Re: [sqlite] Questions on big blobs and blob I/O

2017-03-29 Thread Richard Hipp
On 3/29/17, David Raymond  wrote:
> Remember to make the blob field the very last field in your table schema,
> and avoid "select * from", otherwise you can create performance problems.
> The data for a record is stored in the same order as the fields are defined,
> and overflow pages are a linked list. So if you have your 100 MB blob first,
> and your ID second, then you will have to read through all 100 MB of the
> blob to get to your ID.

David is correct.  You will do well to follow his advice.

However, for completeness let me add that sometimes SQLite is able to
avoid walking the whole linked list in order to get to data that lives
at the end.

There is a special optimization in the code, that only works when
either auto_vacuum is enabled, that sometimes allows SQLite to skip
over the intermediate pages of a big BLOB and go right to the page at
the end that contains your ID.  Key points are that this optimization
does not work every time and will fall back to walking the list if it
fails, and it never works unless auto_vacuum is turned on.
-- 
D. Richard Hipp
d...@sqlite.org
___
sqlite-users mailing list
sqlite-users@mailinglists.sqlite.org
http://mailinglists.sqlite.org/cgi-bin/mailman/listinfo/sqlite-users


Re: [sqlite] Questions on big blobs and blob I/O

2017-03-29 Thread David Raymond
Remember to make the blob field the very last field in your table schema, and 
avoid "select * from", otherwise you can create performance problems. The data 
for a record is stored in the same order as the fields are defined, and 
overflow pages are a linked list. So if you have your 100 MB blob first, and 
your ID second, then you will have to read through all 100 MB of the blob to 
get to your ID.

For the freeing up of space check out the incremental version of auto vacuum. 
Rather than freeing it all up at once it might be good to run it 
"incrementally" to avoid 1 big performance hit.
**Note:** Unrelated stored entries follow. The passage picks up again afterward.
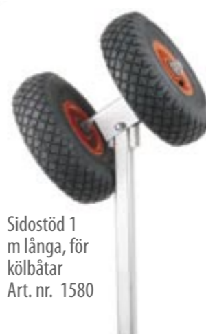
Sidostöd 1 m långa, för kölbåtar Art. nr. 1580
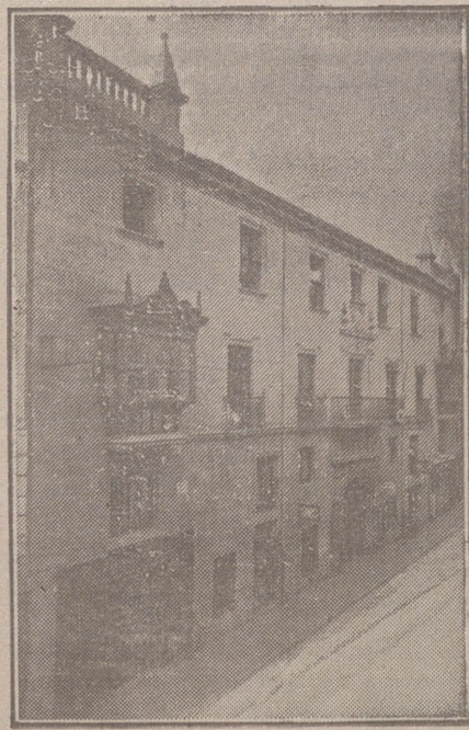
Fachada, por la calle de Santander, 10, 12 y 14, de la CASA SOCIAL propiedad de la Federación burgalesa de Sindicatos Agrícolas Católicos.

En ella están las Oficinas de la FEDERACIÓN, CAJA DE AHORROS, MUTUALIDAD AGRÍCOLA BURGALESA y Redacción y administración de «El Castellano» y «El Defensor de los Labradores».
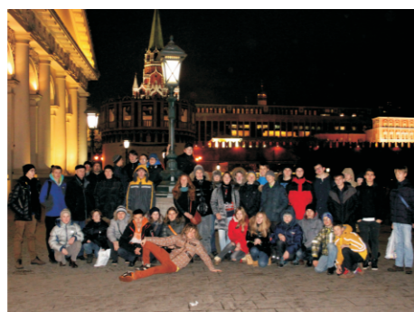
за нами Москва!
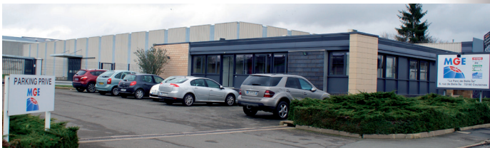
Bureaux et entrepôt MGE
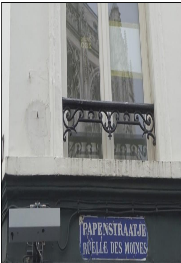
In de schaduw van de Onze-Lieve-Vrouwe kathedraal te Antwerpen

De zusters moesten de Dijlestad ontvluchten door de terreur en de repressie van de geuzen. Ze namen aanvankelijk hun toevlucht in een huurhuis in het Papestraatje te Antwerpen , gelegen tegenover de O.- L.- Vrouwekathedraal. Maar ook in de scheldestad verschenen de geuzen ten tonele. De kloosterzusters vluchtten via Bergen-op-Zoom, Roosendael, Hoogstraten, Venlo en de Rijn naar Keulen . Ze vestigden zich daar in een woonhuis dichtbij de Sint-Kunibertuskerk waar ze toen 2 gulden huishuur per maand betaalden. Priorin Margaretha van Wisschaeven overleed er op 13 september 1580 en werd begraven in de Dominikanenkerk in Keulen. De tien andere zusters kozen Elisabeth Suetens als nieuwe overste. Vlees, boter en ander proviand werden vanuit Antwerpen per schip aangevoerd door hun koerier Nicolaas Oostermans. Toen Mechelen in 1585 terug onder Spaans bewind kwam, vestigden de zusters zich terug in de Dijlestad in de residentie van de Begijnenstraat .
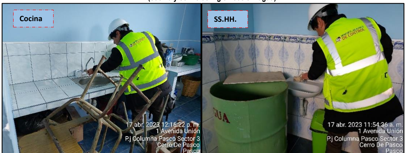
Imagen n.ºs 2 y 3 Red de agua (cocina y servicios higiénicos sin agua).

Fuente: Reporte de Monitor Ciudadano de Control del 17 de abril de 2023.
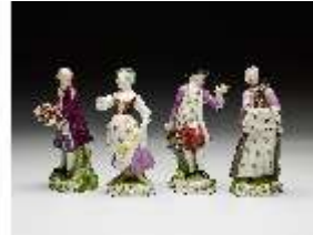
AnsRes.III,K, Folge der "Jahreszeiten", DI016179, BSV-
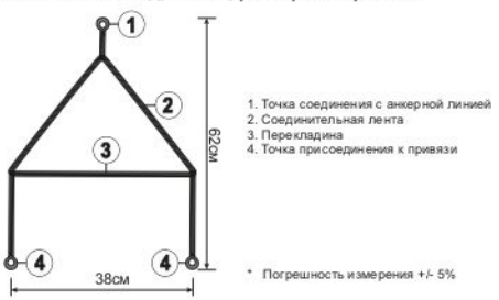
Рис. 3. Совместимое оборудование
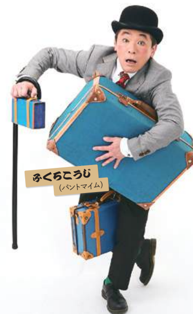
ふくろうじ (バントマイム)
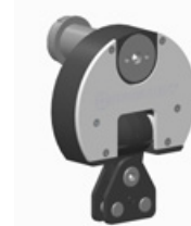
2 Messelement ASK-2
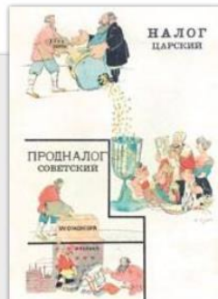
Плакат «Налог царский. Продналог советский». Художник А. Занятов. 1921 г.

Какие социально-экономические последствия имел нэп?
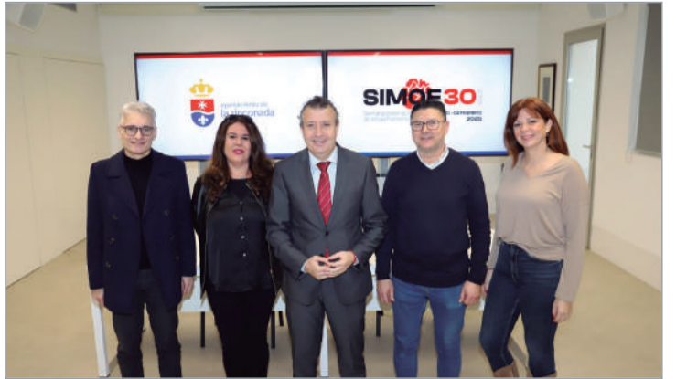
Firma de convenios con el alcalde y el edil de Comercio.

responde, tal y como la propia diseñadora explica, a su amor “por Andalucía, la tierra, sus colores”. De nuevo el color marca esta colección, todo el arco iris en sus complementos, el pan de oro, la mezcla de lunares y estampados... Pendientes largos que imitan diferentes tipos de raíces, para simbolizar el apego a nuestra tierra, a nuestra identidad.
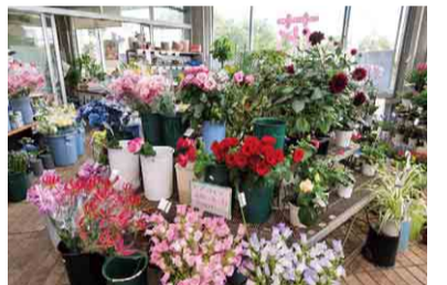
四季折々の花が店頭で販売されています

問い合わせ 道の駅やちよ(八千代ふるさとステーション) TEL047(488)6711

Maybe have something run every 
so often to free up a set amount of pages, similar to a scheduled WAL 
checkpointer.


-Original Message-
From: sqlite-users [mailto:sqlite-users-boun...@mailinglists.sqlite.org] On 
Behalf Of Jens Alfke
Sent: Wednesday, March 29, 2017 1:14 PM
To: SQLite mailing list
Subject: [sqlite] Questions on big blobs and blob I/O

I’m thinking of transitioning from external to internal storage of large blobs. 
That is, currently I store these as individual files in a directory next to the 
SQLite database. But it sounds like today’s new improved SQLite is better at 
managing big blobs, and supports streaming reads; and it would simplify my code 
to not have to deal with all those files.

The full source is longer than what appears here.